The original animated series lasted from October 2002 to January 2005. There was also a reboot of the series which aired in 2015 called “Ghost in the Shell: Arise.” On top of the TV shows the franchise also has several books and a couple of live action movies before the recent 2017 release.

I have never seen any of the old movies or TV shows so my opinion

may be biased, but I liked the new movie. Scarlett Johansson really sold her role as a robot the way her character interacted with the world and the people in it. Yet, you could also see the hurt and the pain of a human in her as well. On top of the acting, the special effects were top notch. It really felt as if I was in the future with Major and watching high speed building sized holograms perform animatronic tricks. It was absolutely breath taking.

Despite my love for it however, the film has recently received controversy due to the “white washing” of American Film making.

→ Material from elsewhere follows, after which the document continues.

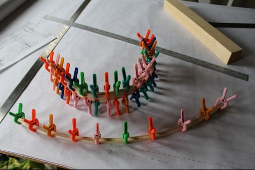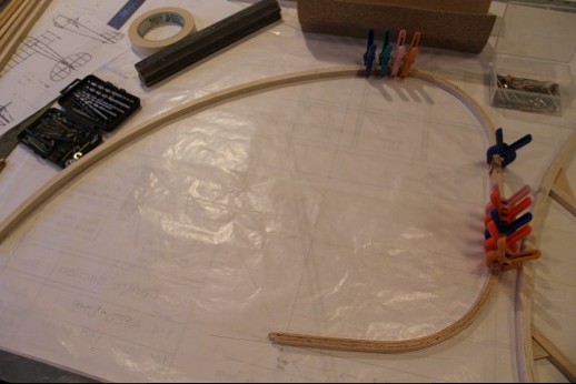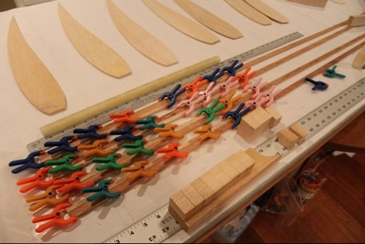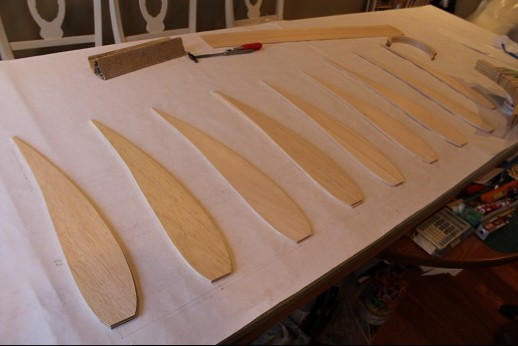 Znowu ja! The aileron curved tips were sanded to smooth them out but they will need to be tapered in thickness, later. All the ribs were cut out and their noses were trimmed to receive the false LE. The two outermost aileron ribs were blocked up on their TEs to account for washout as they were pinned to the stack for the nose job. The false LE will lay squarely against them by doing this and not be twisted. 3/32" balsa Laminates for the swept portion of the LE were soaked in hot water then put on a form to dry. They get glued later. All the ribs are shown at their stations. There aren't many!

Films such as “Ghost in the Shell”, “Doctor Strange” and others, replaced some of the main characters who were originally Asian with Caucasian main stream actors or actresses. The original cast of “Ghost in the Shell” talked with CNN reporters.

Mary Claypool, who was the English Dub writer for the original movie, had this to say, “I for one feel like it’s the obligation for the entertainment industry to do all they can to cast a certain ethnic group, I don’t see a problem however with ‘Ghost in the Shell’.”

Claypool and I are not the only ones who enjoyed Hollywood’s adaption of the beloved franchise. Fans of the original film say that they didn’t have a problem with Johansson being Caucasian when the original Major was Asian. Tomoki Hirano, a fan of the original franchise, told The Hollywood Reporter in reference to Johansson’s reenactment, “She was very cool. I loved her in ‘The Avengers’ and I wanted to see this because she was in it. If they had done a Japanese live-action version, they would have probably cast some silly idol [girl-band member].”

Hollywood is known to turn beloved anime’s of the past to live action movies. Just look at “The Last Airbender”, Hollywood’s rendition of Nickelodeon’s “Avatar: The Last Airbender”.  Any movie adapted from an original play, book, or show, will always have a lot to live up to. What is important when seeing the movies is to hold the adaptation to exactly what it is, an adaptation, not so much as a replacement.